Если у вас есть контроль над всеми вашими фреймами, вы можете реализовать взаимодействие между фреймами с postMessage. Поток:

  1. Кадр хочет выполнить перенаправление - он отправляет сообщение родительскому кадру с запросом на перенаправление.
  2. Родительский кадр выполняет перенаправление и знает, какой кадр вызвал перенаправление.

родитель:

window.addEventListener("message", (event) => {
    // show message source (your frame)
    console.log(event.source);

    const message = event.data;
    console.log('Frame ID: ${message.frameId}');

    if(message.messageType === "redirect") {
        window.location.href = message.redirectUrl;
    }
});

Детский каркас:

function redirect(url) {
    var message = {
        messageType: "redirect",
        frameId: "frame1"
        redirectUrl: url
    }
    window.parent.postMessage(message, "*");
}

Ответ 3

Вы можете показать диалоговое окно перед перенаправлением на другой домен/приложение, а затем пользователь может решить - остаться или оставить текущее приложение. Вы также можете отслеживать текущую цель (т.е. iframe в вашем случае).
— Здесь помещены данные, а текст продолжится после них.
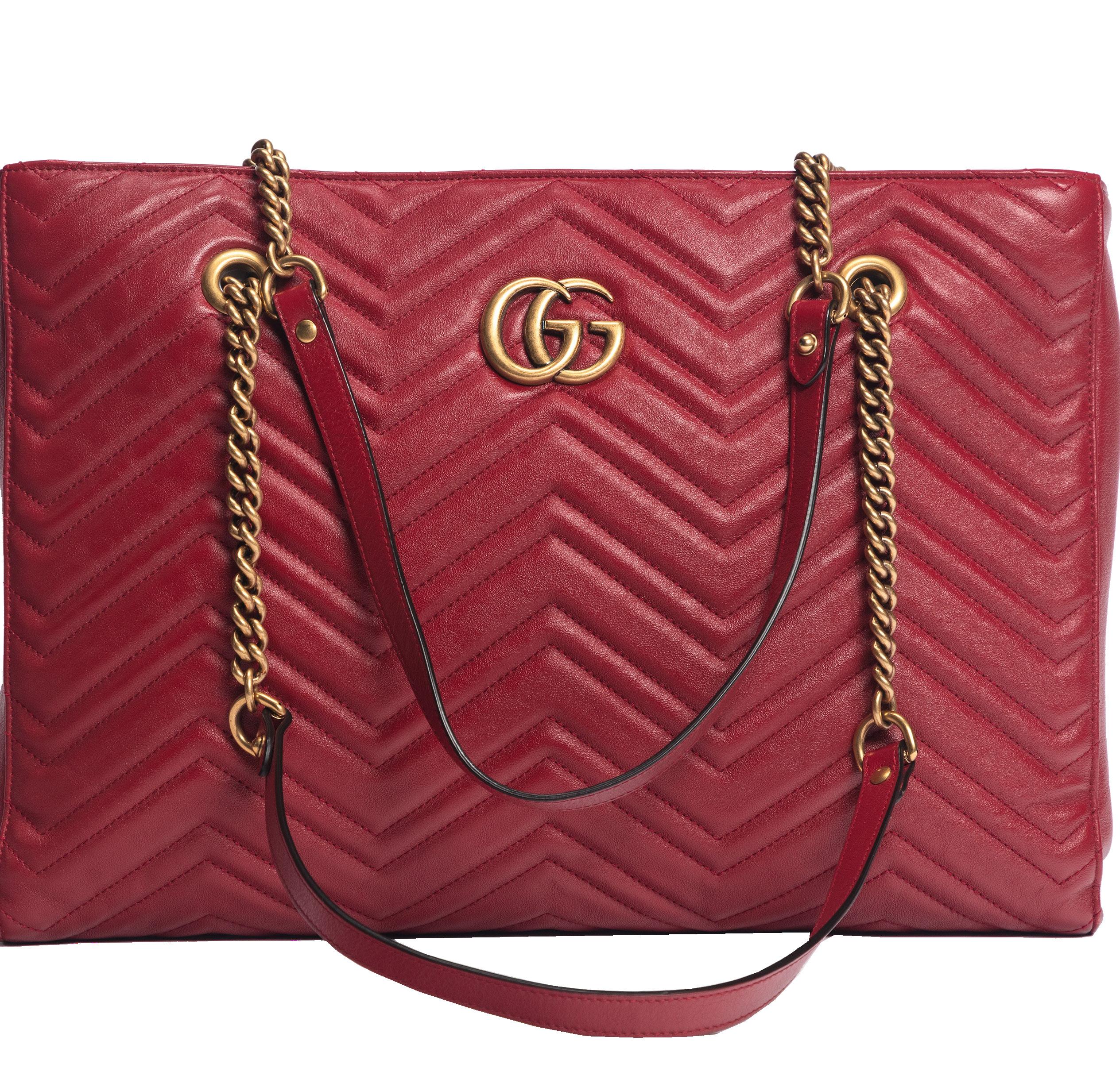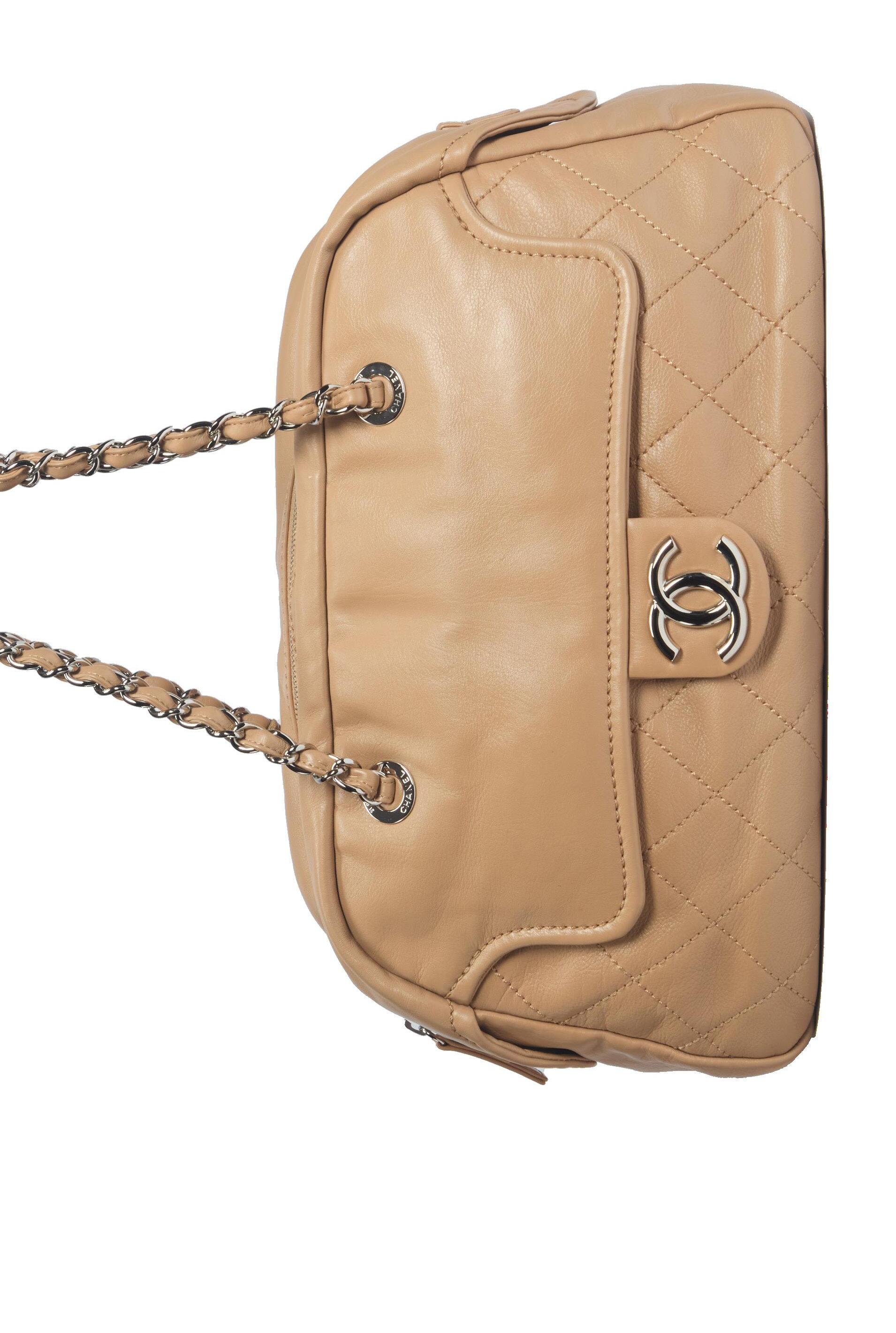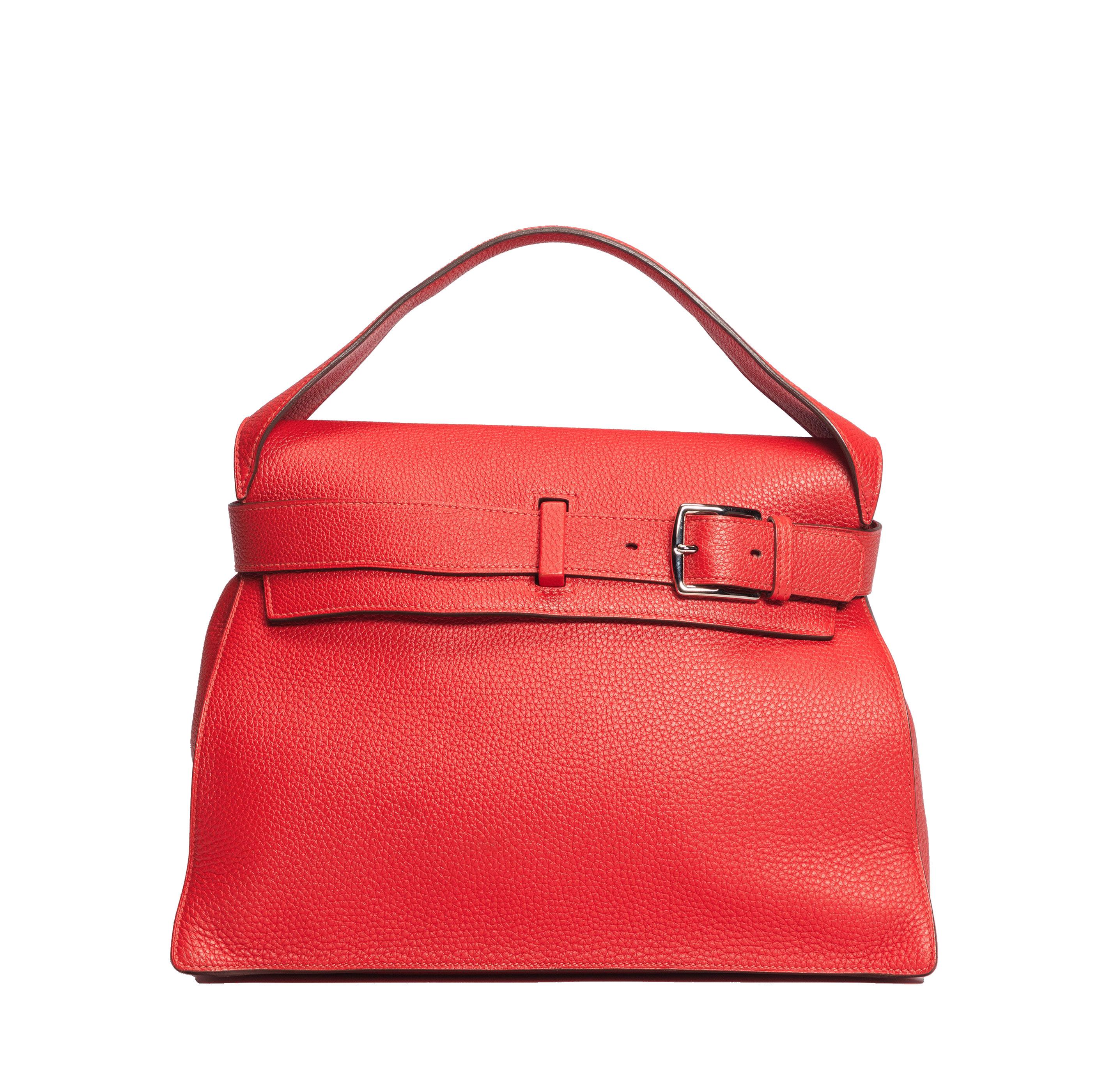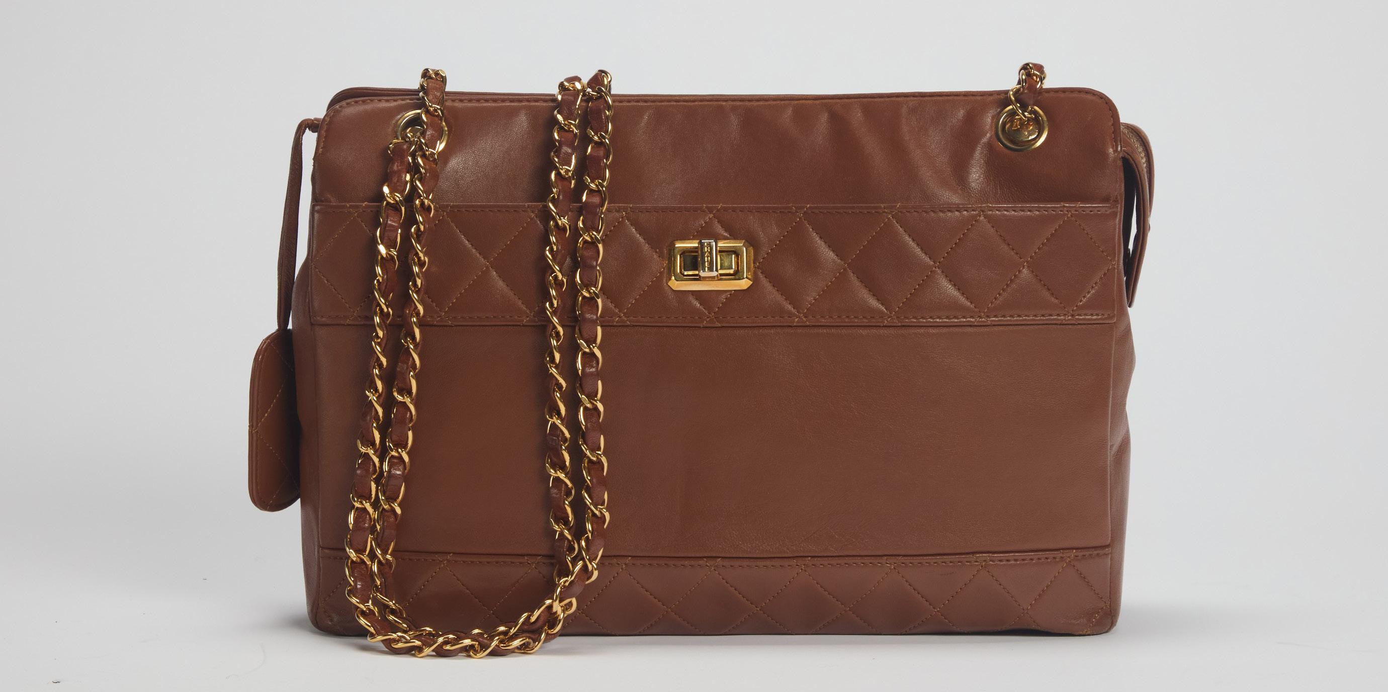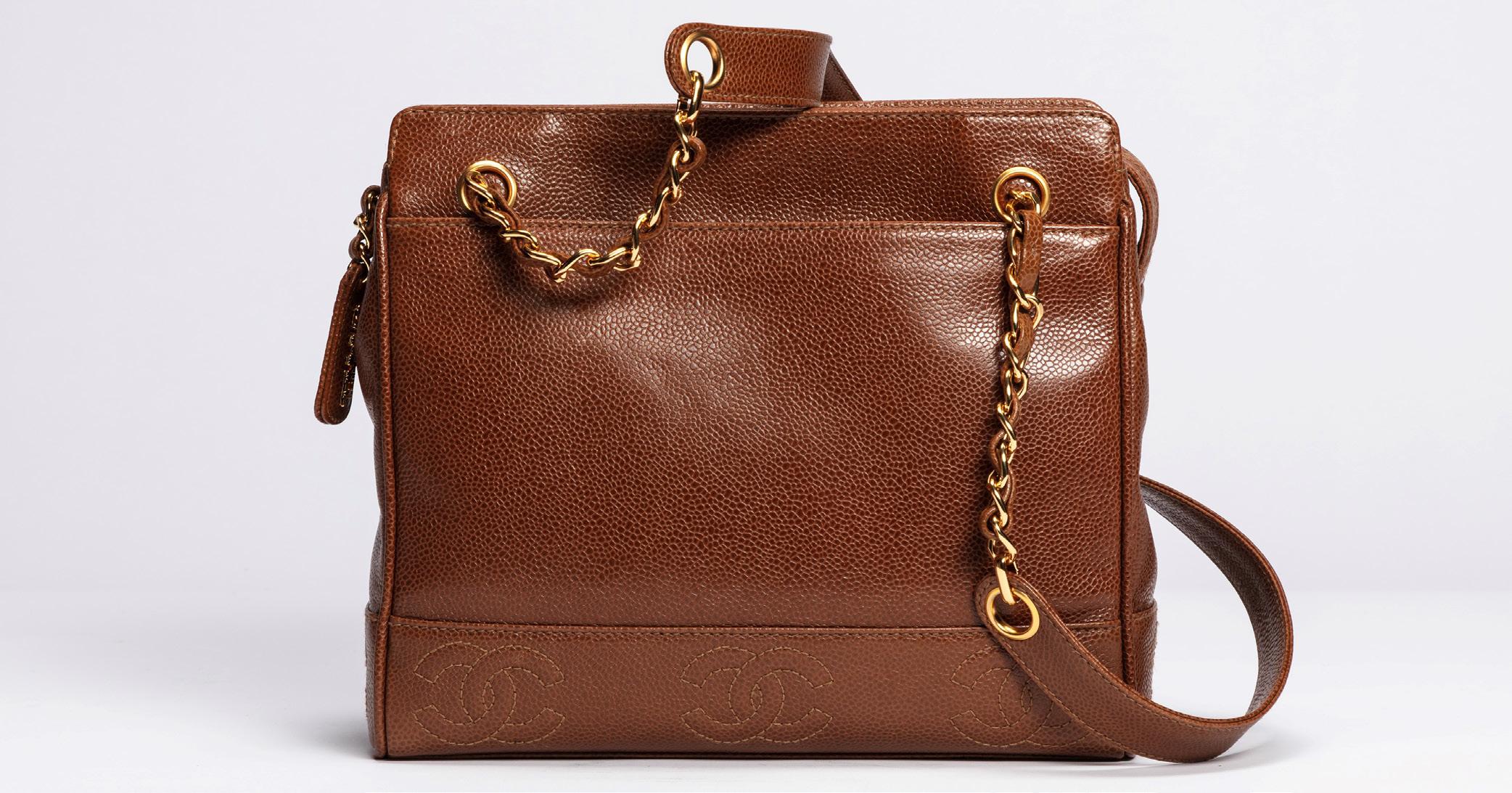 in pelle caviar color corallo, chiusura a cerniera, dettagli in metallo dorato satinato, doppia tracolla a catena, cm 35 (difetti), 2012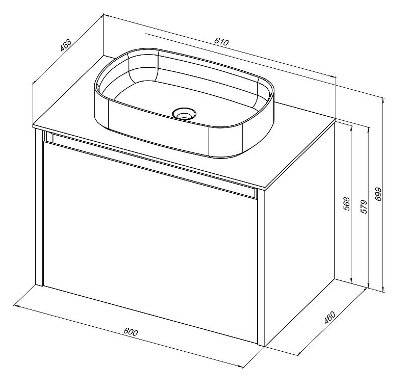 Габариты корпуса тумбы (ШхВхГ): 800х568х460 мм.

window.onbeforeunload = function (e) {
  console.log(e.currentTarget.location.href);
  return 'Stop redirection. Show dialog box.';
};

Ответ 4

Из отдельных iframes вы можете установить cookie, когда происходит перенаправление? Скажем, это произошло из iframe1, вы можете установить cookie как

document.trackFrame = "FrameName=iframe1";  

И как только перенаправление завершится, вы можете попробовать прочитать файл cookie и определить, какой iframe вызвал перенаправление?